━━ DATA UNDER STUDY ━━

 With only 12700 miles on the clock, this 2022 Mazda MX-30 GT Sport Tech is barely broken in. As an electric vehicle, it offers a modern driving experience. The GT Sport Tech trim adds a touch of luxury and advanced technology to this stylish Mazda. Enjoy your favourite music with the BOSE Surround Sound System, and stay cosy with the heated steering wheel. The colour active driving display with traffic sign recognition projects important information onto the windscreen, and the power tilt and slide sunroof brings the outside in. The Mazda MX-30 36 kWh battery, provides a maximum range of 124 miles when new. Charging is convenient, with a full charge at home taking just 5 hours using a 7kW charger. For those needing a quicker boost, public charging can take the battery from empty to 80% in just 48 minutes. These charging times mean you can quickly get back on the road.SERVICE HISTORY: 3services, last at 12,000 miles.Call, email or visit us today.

━━━
━━ DATA UNDER STUDY ━━

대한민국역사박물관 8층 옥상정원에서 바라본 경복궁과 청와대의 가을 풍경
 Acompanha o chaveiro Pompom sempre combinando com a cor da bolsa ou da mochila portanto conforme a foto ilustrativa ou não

━━━
━━ DATA UNDER STUDY ━━

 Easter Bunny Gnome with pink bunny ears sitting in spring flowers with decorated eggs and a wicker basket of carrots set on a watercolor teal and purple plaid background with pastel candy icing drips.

━━━

◆ TO DO
Of all the entries above, output exactly the lines between the one holding "대한민국역사박물관 8층 옥상정원에서 바라본 경복궁과 청와대의 가을 풍경" and the one holding "Acompanha o chaveiro", inclusive.

◆ REPLY
대한민국역사박물관 8층 옥상정원에서 바라본 경복궁과 청와대의 가을 풍경
 Acompanha o chaveiro Pompom sempre combinando com a cor da bolsa ou da mochila portanto conforme a foto ilustrativa ou não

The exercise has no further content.